In reality we should.

To many in lemmy are to happy to stay in their special little corner.

[–] [email protected] 11 points 1 day ago (2 children)

Its just confusing to me because lemmy is made to give anyone their preferred corner.

Asking for low barrier to the largest instances (entry points for new users) seems like a different ask than for professional lemmings to give up their platform.

[–] [email protected] 2 points 21 hours ago

Asking for low barrier to the largest instances

And what defines a low barrier for entry? I just checked the sign-up process for Lemmy.world, and it's just email > password > agree to ToS > complete a Recapcha. All on one page. How is that any different to any corporate social media site?

The big hassle for signing up for Lemmy is finding an instance that matches your preferences, but I don't see how that's possible to get around. The only thing I can think of is streamlining join-lemmy.org to better direct people to a fitting server.

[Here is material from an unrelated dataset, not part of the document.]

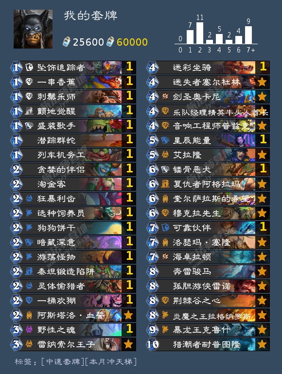 去年刚玩的时候以新手摊牌为基础慢慢攒出了这套超贵的卡组。最近版本回调,虽然只能爽一个星期,但是现在玩着太爽了。猎人回调的牌都是关键质量牌,三个灵种超模的身材,野兽伙伴也召唤的是复制。王子的40血再加上猎人前中期铺场都很强,不虚快攻尤其是骑士;伙伴召唤的两个霸王龙不论16血32血都是超强终结手段;基本不太怕怕疫病,因为单卡每个都有质量。分段不高,从传说16000开始10-2一路上分,玩下来感觉缺点是过牌太难,前期如果卡手会很难受,输的两把都是前期没节奏。我有想过会不会不要宇宙的普通王子野兽猎会更强,打算抓紧试试。由于我之前把导演分解了所以没带,有的可以带上打到后期应该有用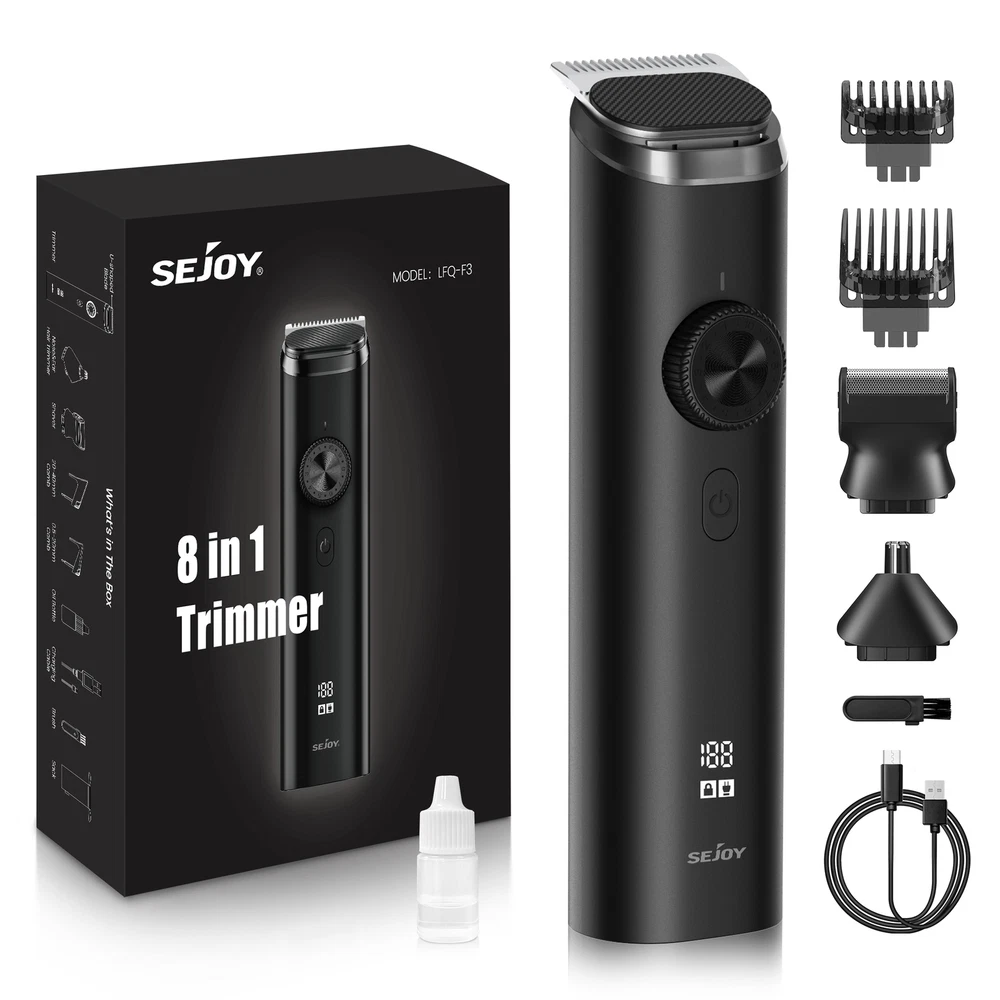 Product Description In modern families, haircuts, trimming, shaving are already synonymous with fashion. Before, haircuts need to go to barbershops. Nowadays, we not only go to barbershops for haircuts, but also will buy a family hair clipper. With the gradual improvement of living quality, we realize that haircutting at home is a healthy and fashionable way of life, also good for spending some qualified time with family and ourselves. And we give more importance to health than fashion. Beard trimmer, hair clippers, nose hair trimmer become one of the must-haves for many emerging home care appliances. Sejoy focused on Personal Healthcare devices, home-care devices and Mother and Baby care products as a Professional Manufacturer for 20 years. We are here to provide you a whole package for the family due to the needs for hair, which is not only a good buy when purchase, but saves a lot every time you use. We warmly invite you to be one of our beloved customer! About this item Premium Blades: Mens hair clippers designed for smooth, quick, and clipping performance on all types of hair with high quality long lasting self-sharpening premium stainless blades, The tip part adopts safe R outlineing obtuse angle design, the professional edgers clippers satisfy any styling needs,such as lining, sculpt contours, and dry shaving. Super Easy to Use: This hair trimmer and clipper comes with 0.5-20mm comb*1, 20-40mm comb*1, Nose& Ear hair trimmer head*1, Shaver Head*1, Bush*1, Oil (used before and after a haircut)*1, travel sack*1, charging cable*1. Ready to use once reveived. User friendly, makes life easier when you are trying to follow the grain. Rechargeable & long-last battery: This hair clipper is equipped with the international standard 18650 capacity lithium battery provides exceptionally long using time and strong power output. It can support 280 minutes use of a full charge. Also compared with other types of batteries, it takes less time to reach full charge. Takes 3 hours to fully recharge by usb cable. Precision Length Dial: For 40 length settings in 0.5 mm step sizes, provides an effortless trimming experience with only 2 combs. Low noise & IPX5: With noise≤68bB and Full body washable. No hassle during and after using. Warranty: We are decent and integrity company exsited for 20 years, quality is guaranteed. Any questions, we are alway here to assist. 0.5-40mm Limit Comb With only 2 limited combs and a knob, the length limit of hair cutting can be adjusted by lowering the hair clipper to a state where only a certain length of hair can be cut, which greatly reduces the operating threshold of the hair clipper. Low Noise Noise is what we care about. With high standard guaranteed by delicate structure and quality control, noise is at minimum level to suit for operating for kids and toddlers. Compact Design With compact design and replacable blades, and stylish pouch, it is easy to take anywhere.

I know I'm being combatative here, but the thing that bugs me people keep parrotting the same complaints of "there's too much friction" when that problem has pretty much been fixed. Please focus on the currently existing problems instead

[–] remotelove 4 points 1 day ago

Its just confusing to me because lemmy is made to give anyone their preferred corner.

In theory, yes. In practice, it depends.

It's too easy for trolls to manipulate the way Lemmy is structured. If they get banned on one instance, they can create a dozen more accounts on other instances.

In general, yes. Everyone does their own thing and goes where they want which is awesome. Unfortunately, trolls can do the same on a much grander scale than on Reddit.